Shaw is at least adequate enough to judge a situation, or he wouldn't have enough political ability to be a captain. He may well have realized that whatever these two are up to (and it is likely highly unsanctioned and cowboy-esque), his ship IS NOT best suited for it.
In my job I am a great thinker, a deep thinker, and can analyze with the best of them. I can anticipate problems, make things run smoothly, debrief out of situations so it doesn't repeat and have great people who report to me. But I am not the best snap decision maker.
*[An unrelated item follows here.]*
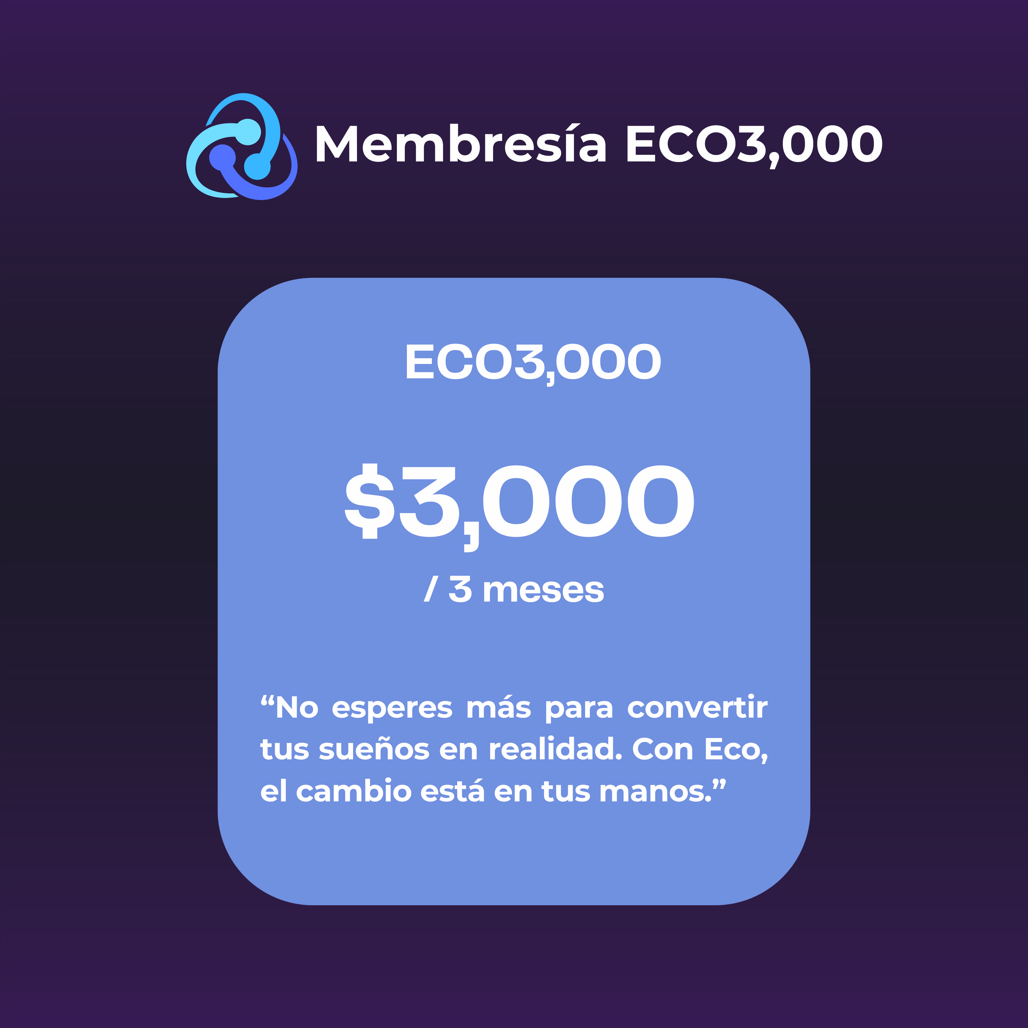 El precio de esta suscripción es de $3000.00. Tendrá una duración de 3 meses, pasado el tiempo tendrás que adquirir una nueva membresía.

I've trained myself to be BETTER at emergency decisions, and I can do them quite well, but I'm never going to be the best and I've gradually become okay with it - by being the type to mitigate the NEED for emergency decisions.
Shaw, the Titan, and its crew may be the same way, and he's accurately judged himself, the ship, and the crew verses whatever these two genuine legends are likely to get themselves into.
That's my compassionate assessment.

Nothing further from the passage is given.